Draußen, da ist die Realität. Drinnen, da sind wir.
Die Gedanken erzählen Geschichten.
Von Schwarzlicht,
Tomatenwürfen auf sexistische Plakate,
Bloody Mary,
Inline-Skates und Fantasie-Namen,
Schulhöfen,
Getränkegutscheinen,
queeren Partybands, Awareness-Teams, Genderperformance.
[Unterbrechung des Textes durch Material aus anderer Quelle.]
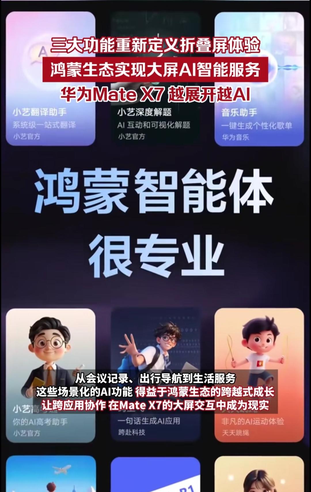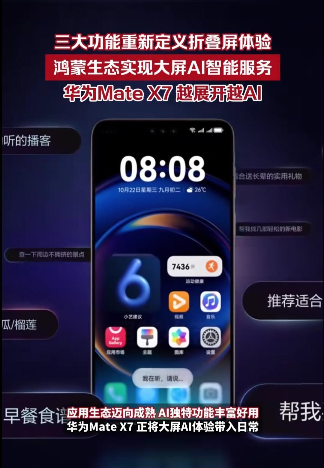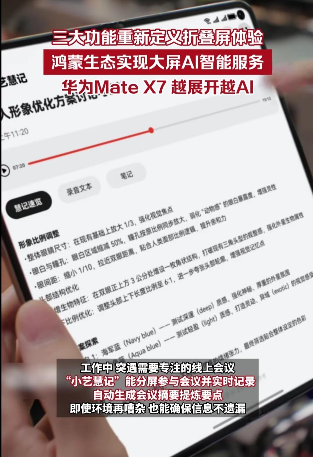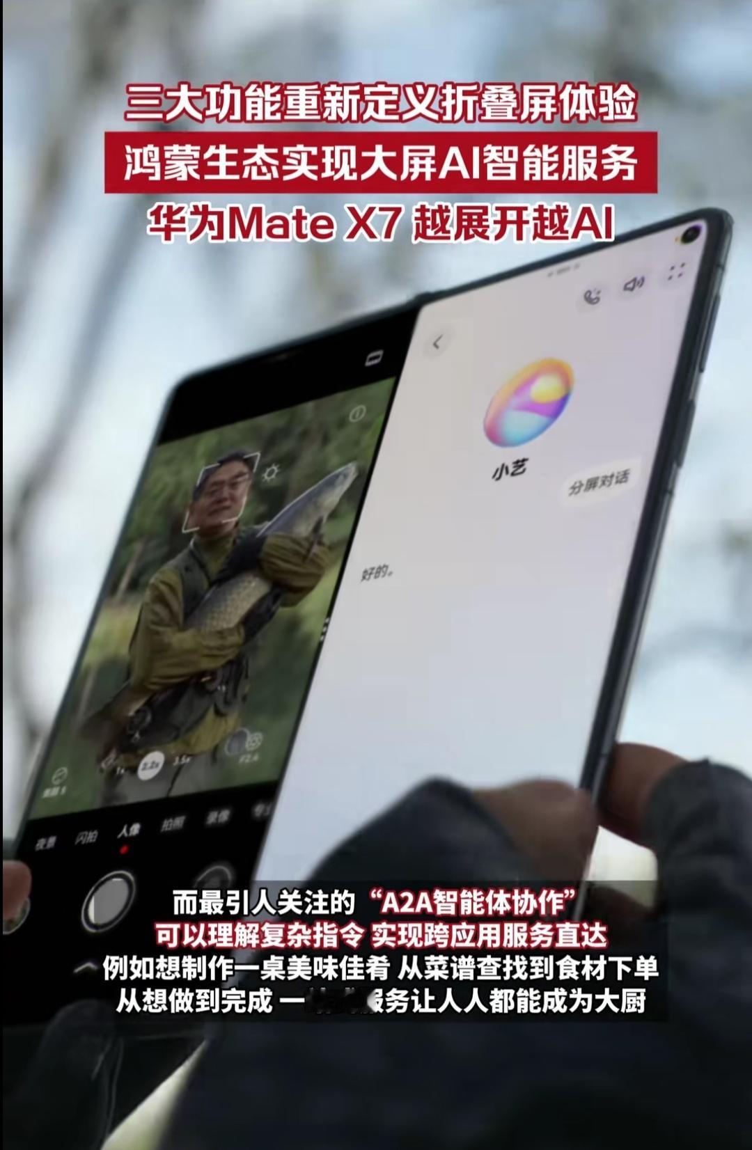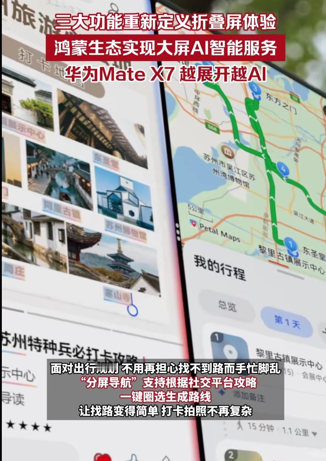 你敢信吗?华为Mate X7一展开,直接把AI嵌进了日常的每处细节!看这分屏开会议、一键导路线的操作,谁看了不说一句“这才是折叠屏该有的样子”。 开会时“小艺慧记”自动记要点,嘈杂环境也能精准抓信息,打工人再也不用手忙脚乱记笔记;出门做攻略,分屏就能把社交平台的打卡点一键圈成路线,特种兵旅游都不用慌;想做饭更省心,A2A智能体直接跨应用搞定菜谱、下单食材,一站式帮你成大厨。 以前总觉得折叠屏是“为了折而折”的花架子,可Mate X7把大屏AI和鸿蒙生态焊死在生活里——不是堆参数,是真的帮你省时间、少操心。这哪是升级手机,分明是给生活装了个智能“外挂”。 国产科技的厉害,从不是炫技,是把“方便”俩字揉进了柴米油盐。这种“越用越顺手”的体验,才是真的懂普通人想要什么。
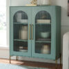 High style is on the rise with this wood accent cabinet. Its stunning doors, graced with a carved sunburst pattern and oversized wood pull, open to reveal two shelves. A distressed black finish adds contemporary flair. Whether this cabinet is accommodating storage needs or hiding clutter, it’s truly a showpiece.
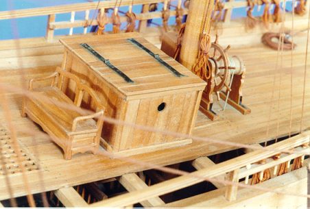 ici... En avant, le banc de quart qui représente un intéressant travail de modélisme. La roue de la barre est placée en arrière du mât d'artimon, sur le coté on devine un des deux habitacles des compas. A l'arrière plan, on peut voir une lisse portant les cabillots pour certaines manœuvres du grand-mât et du mât d'artimon. |
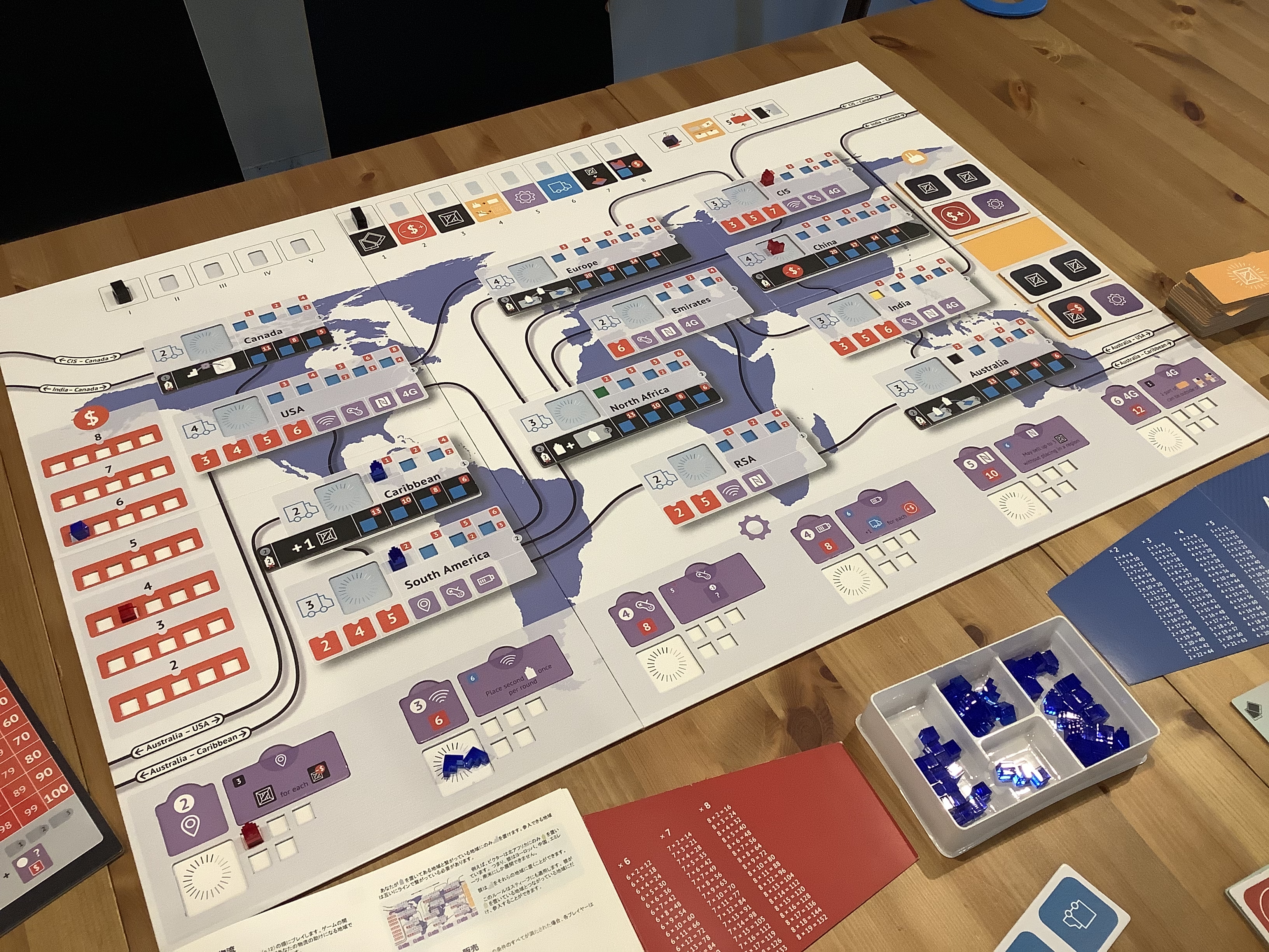 世界各地に拠点を建て、技術開発をし、他のプレイヤー=競合他社よりもたくさん商品を売って勝利点を稼ぐことが目的です。

wild gestikulierende Hände in der Luft über dem Körper schwebend,
und ruhige Hände auf dem Bauch, und immer wieder Stille zum Gedankensortieren und -weiterspinnen. Es sind viele Vorstellungen, die unsere Ohren erreichen, viele Ideen, was alles möglich ist, mal real, mal fiktiv, mal abstrus, mal verstörend, mal schmunzelnd, aber vor allem ist da immer wieder diese Grenzenlosigkeit, die uns in den Bann zieht, die uns die Ohren spitzen lässt.
Wir wagen
kaum uns zu bewegen, sondern sitzen irgendwann nur still daneben und lauschen dieser Gedanken- und Ideenfabrik. Ein Topf an Wünschen und Anregungen, die in nächster Zeit ausgewertet werden sollen, um konkretere Konzepte entwickeln zu können, den ganzen Gedankenspielen eine Form geben können, eine Form für eine Performance.
Die Stimmen erzählen von Abendkleidern, vom Hauptcampus, Live-Übertragungen und 48h-Live-Performances.
Denn Zeit ist da.
Raum auch.
Raum für Gedanken. Und Wünsche und Fragen.
Raum für Schreie, für Ausrufe, für kritische Auseinandersetzung.
Ein Fingertrommeln auf der Brust.
Ein feines, penetrantes Surren eines Lautsprechers im Raum.
Autolärm hinter der Doppelverglasung.
Ein Husten.
Ein Lachen.
Ein Seufzen.
Die Gruppe performt, inszeniert, spielt Gedankenspiele, wie sie da so auf dem Boden liegen. Lässt Gedankenschlösser entstehen und greift damit in den Himmel, liegt dabei ruhig auf dem Boden der Tatsachen. Performance, Kreisverkehre, Megafone – hier passt erst einmal alles und nichts zusammen, und das ist auch gut so. Es wird
nach-gedacht, laut-gedacht, weiter-gedacht.
Es werden Bikini-Oberteile für Männer im Schwimmbad verteilt. Gedanklich.
Am Ende: schließt sich der Kreis, die eingangs erdachte Punkband, spielt jetzt „Eye of The Tiger“.